Der Kredit wird vor Beginn der Baumaßnahme oder vor dem Kauf über die Hausbank beantragt, die die Gesamtfinanzierung des Projekts abwickelt. Je nach erreichtem energetischen Standard gewährt die Bank zusätzlich ein Tilgungszuschuss. Der Kredit muss dann nicht vollständig zurückgezahlt werden.

Voraussetzung:

  • Es handelt sich um selbstgenutzte oder vermietete Wohngebäude oder Eigentumswohnungen, für die vor dem 1.1.2002 der Bauantrag erstellt oder die Bauanzeige erstattet wurde.
Option 2 (Zuschussprogramm 430):

Sie können einen Investitionszuschuss für Sanierungsmaßnahmen beantragen. Dann bezahlt die KfW ab dem 24.1.2020 je nach erreichtem Sanierungsziel zwischen 20 und 40 Prozent der förderfähigen Kosten.

Planen Immobilienbesitzer gleich mehrere Maßnahmen für das Wohngebäude, sind sogar Zuschüsse bis maximal 48.000 Euro pro Wohneinheit möglich – vorausgesetzt, das Wohnhaus erreicht ein Effizienzhausniveau (KfW-Denkmal bis KfW 55).

Darüber hinaus hat die KfW auch die Förderungen für den Kauf oder den Bau von energieeffizienten Wohnungsneubauten (Kreditprogramm 153) und für die energieeffiziente Sanierung von Nichtwohngebäuden erhöht.

Tab. 2 –  Auf dem Weg zum energieeffizienten Wohngebäude:
Die Förderstufen der KfW

(Tabelle vergrößert sich beim Anklicken)

KfW-Effizienzhaus: Die Förderstufen im Überblick

Mehr zu den verbesserten Förderprogrammen der KfW lesen Sie hier.

Was brauche ich, um eine KfW-Förderung für Dämmung zu erhalten?

Bei Neubau: Wenn Sie selbst den Bau in Auftrag geben, benötigen Sie die Bestätigung eines Sachverständigen, der die Effizienzhaus- oder Passivhauseigenschaft des geplanten Gebäudes bescheinigt. Beim Kauf eines schlüsselfertigen Baus lässt man am besten den jeweiligen KfW-Effizienzhaus-Standard in den Vertrag aufnehmen.

Bei Sanierung: Für die Förderung einer Sanierungsmaßnahme müssen Sie vor Beginn einen Energieberater ins Boot holen. Der Energieeffizienz-Experte fertigt das Sanierungskonzept an, begleitet den Bau und erstellt nach Abschluss der Maßnahme die erforderliche „Bestätigung nach Durchführung“ im KfW-Zuschussportal, mit der Sie anschließend die Auszahlung der Fördermittel veranlassen können.

Wo gibt es weitere Informationen zur KfW-Förderung für Dämmung?

Detaillierte Informationen erhalten Sie von Ihrer Bank, von qualifizierten Energieberatern und natürlich direkt von der KfW:

Kreditprogramm 151/152 Energieeffizient Sanieren

Kreditprogramm 153 Energieeffizient Bauen

Zuschussprogramm 430 Energieeffizient Sanieren

Einen Überblick zu den Neuerungen der KfW-Förderung bieten außerdem die Whitepapers:

–  „KfW Einzelmaßnahmen“

„KfW-Förderung Effizienzhaus“

Energetische Gebäudesanierung: Die passende Förderung finden

Die Investition in die Energieeffizienz beim Gebäude lohnt sich ab 2020 mehr denn je.
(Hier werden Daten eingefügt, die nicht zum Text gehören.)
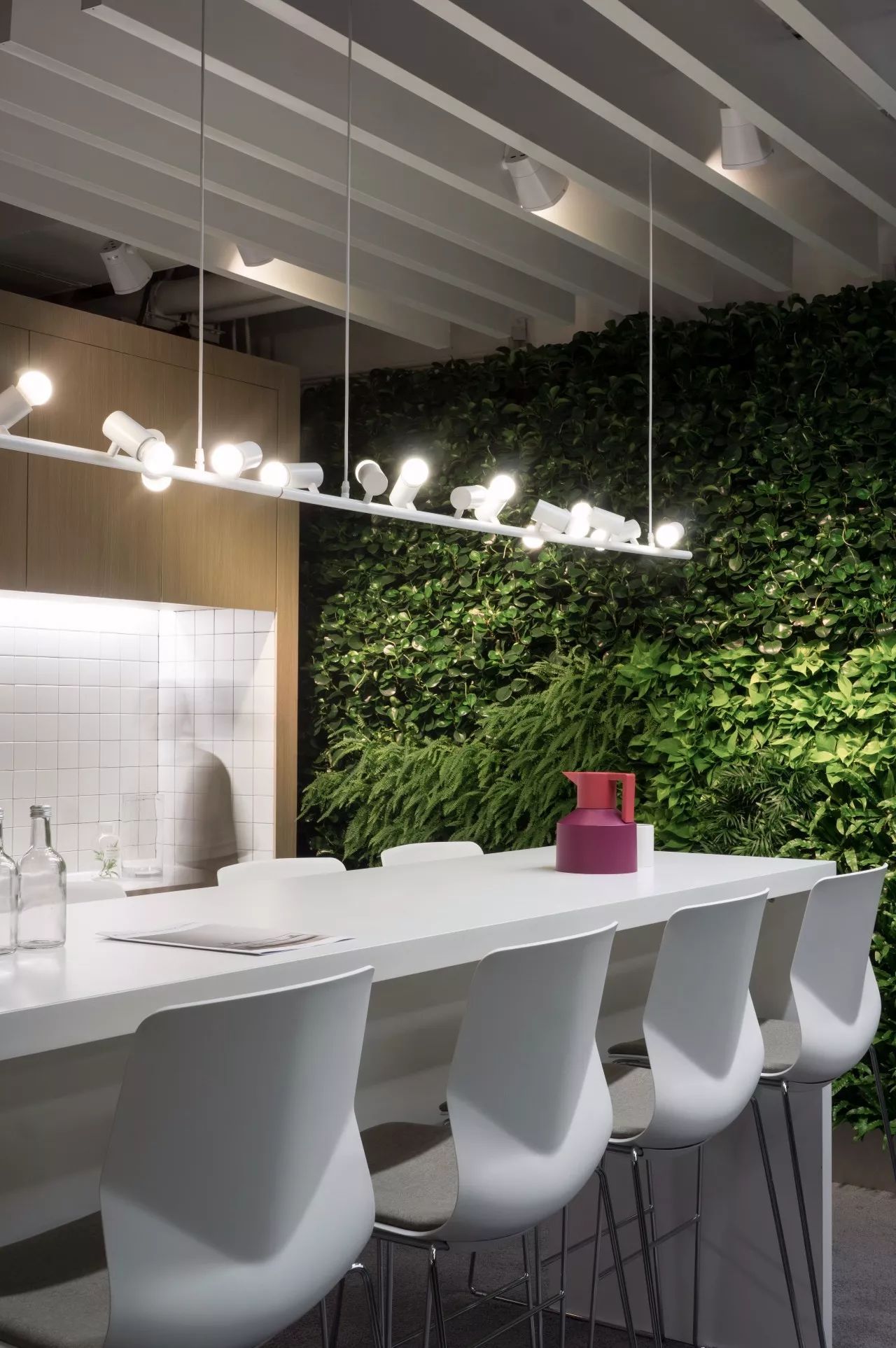 為了弱化傳統(tǒng)辦公室的緊張氛圍,公共休閑區(qū)配置了特別大的面積,包括大面積的垂直綠化墻、廚房及水吧。成為員工聚會(huì)、休息,或工作交流、頭腦風(fēng)暴的聚集地。模塊化的沙發(fā),能實(shí)現(xiàn)多變的組合方式,以及滿足員工360度全方位的無障礙溝通。

Eine Mineralwolldämmung, egal ob an Dächern, Wänden oder Geschossdecken, erfüllt dabei alle technischen Mindestanforderungen für die steuerlich oder über die KfW geförderten Sanierungsmaßnahmen.
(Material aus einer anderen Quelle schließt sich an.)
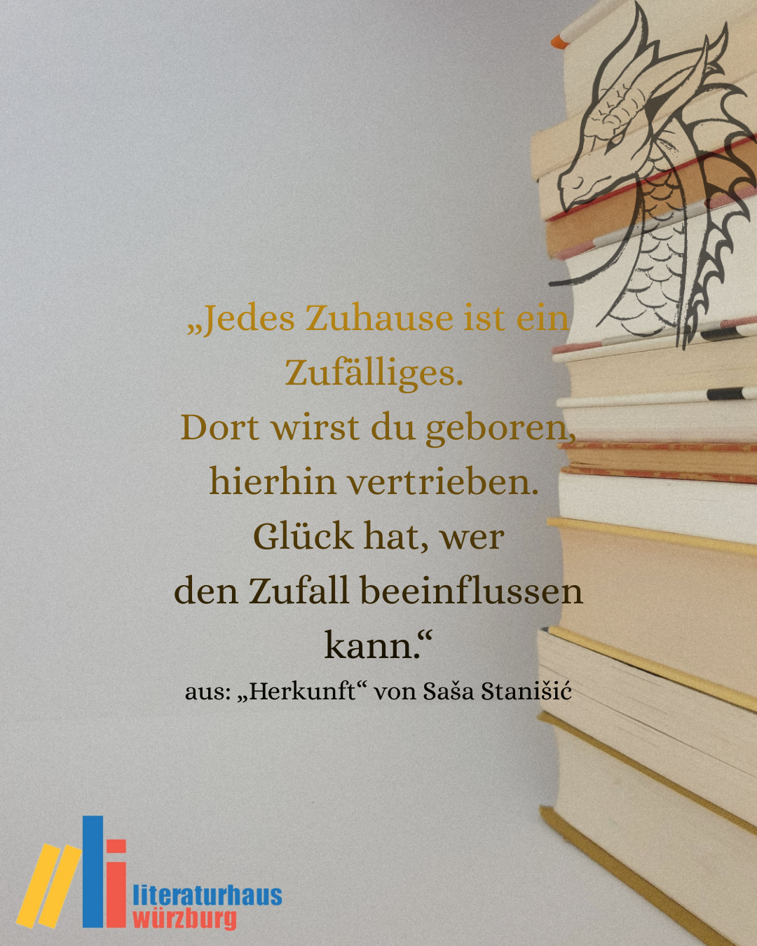 „Jedes Zuhause ist ein Zufälliges. Dort wirst du geboren, hierhin vertrieben. Glück hat, wer den Zufall beeinflussen kann.“ aus: „Herkunft“ von Saša StanišićEin Beitrag von Lilian Bestle: Lilian Bestle befindet sich in der letzten Phase ihres Master-Studiums der Sozialwissenschaftlichen Nachhaltigkeitsforschung und war im Laufe der Jahre immer wieder ehrenamtlich in Würzburger Projekten und Gruppen rund ums Schreiben aktiv. Hin und wieder schreibt sie auch selbst und demnächst geht es mit dem Rucksack genau in die Gegend, in die „Herkunft“ immer wieder zurückfindet.

Aufgepasst: Immobilienbesitzer müssen sich für einen Förderweg entscheiden, denn kombinieren lassen sich die beiden Förderwege zur energetischen Sanierung nicht. Das heißt, nur wer zum Beispiel noch keine KfW-Förderung für dieselbe Maßnahme erhalten hat, kann überhaupt einen Steuerabzug für Sanierungen geltend machen.


Wichtig: Möchten Sie ein Förderprogramm der KfW in Anspruch nehmen, ist die Einbeziehung eines Energieberaters obligatorisch. Im Rahmen der steuerlichen Förderung kann der Hausbesitzer zwar selbst entscheiden, ob er einen Experten einschaltet. Zu empfehlen ist dies aber allemal.

Ein Energieberater vor Ort kann die optimalen Maßnahmen und die damit verbundenen Kosten kompetent und genau einschätzen. Mit dieser Kostenaufstellung können sich Immobilienbesitzer an die Steuerberater und an die KfW-Beratungsstellen wenden, um die jeweils beste Fördermöglichkeit ausrechnen zu lassen.

Übrigens ist auch die Energieberatung förderfähig!